Noticed
Yesterday, something kind of amazing happened. My boss came up to tell me something and looked at me and was talking about work and then interrupted herself and said something like, “Are you losing weight or something crazy like that?” She threw me so much that I just blinked and stared and then asked her about the first thing she had said. I guess it was the way she asked, and the fact that my whole class was right there behind me. It just was not the time or place to get into it. Anyway, someone noticed! Woohoo. And it only took 42 pounds. Eesh.
One of my exes used to get on me all of the time about not being able to accept a compliment. I realized last night why that is. When my mother says I look nice, I cringe and say thank you. You see, all of my life my mother has been complimenting us kids. “You did really great!” “You look so pretty!” et cetera. Now, do not get me wrong, I do not think it is bad to do that for your kids but she was so over-complimentary especially in times which it was not true. There are times when I may feel pretty or may feel ugly, but there are some things that are just obvious. “My hair looks so stringy and gross” “Your hair looks beautiful!” “I do not fit into large anymore” “You are so skiiny, you just have broad shoulders” et cetera.
Anyway, without getting into it too much more, I basically learned that when someone gave you a compliment it was a way to try to make you not see the obvious. It is kind of like crying wolf. She did it so much when it was not true, that when it is/was true, it had no impact or believability.

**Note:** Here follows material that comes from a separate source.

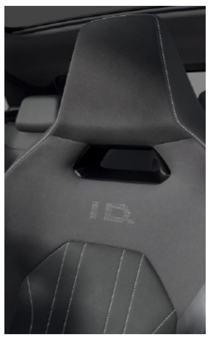
Artvelours Microfleece/Leatherette Soul/Platinum Grey Standard from ID.4 PRO STYLE Optional on ID.4 PURE / PRO

Electric controls are available via the addition of the Interior Plus Package
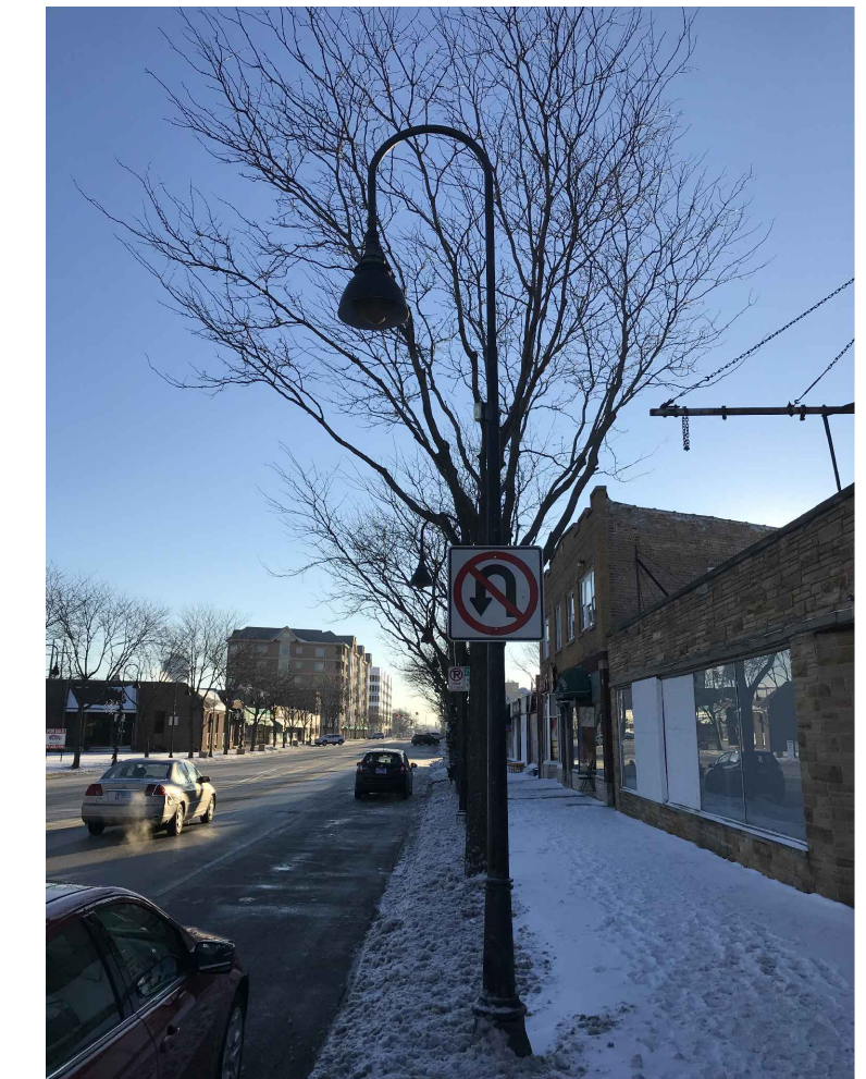
DECORATIVE LIGHT POLE

I have a feeling I am never really going to be able to get past that and take a compliment as a compliment.
I start a new class next week and it is 6 weeks long. I am very excited to use this time as a mini-goal and see what I can accomplish in 6 weeks. I should be about 156 when the class starts, so I should be able to hit 150 without too much problem, but I will shoot for 144. That would be really cool! I am getting closer to goal, so it might take longer, but I will give it a shot.


I understand what you are saying. I can’t take a compliment because I think people are just being nice. Before you can accept a compliment, you have to be able to compliment yourself. That is awesome that someone noticed your weight loss! I might not accept it very well either but I would be ecstatic on the inside! Way to go!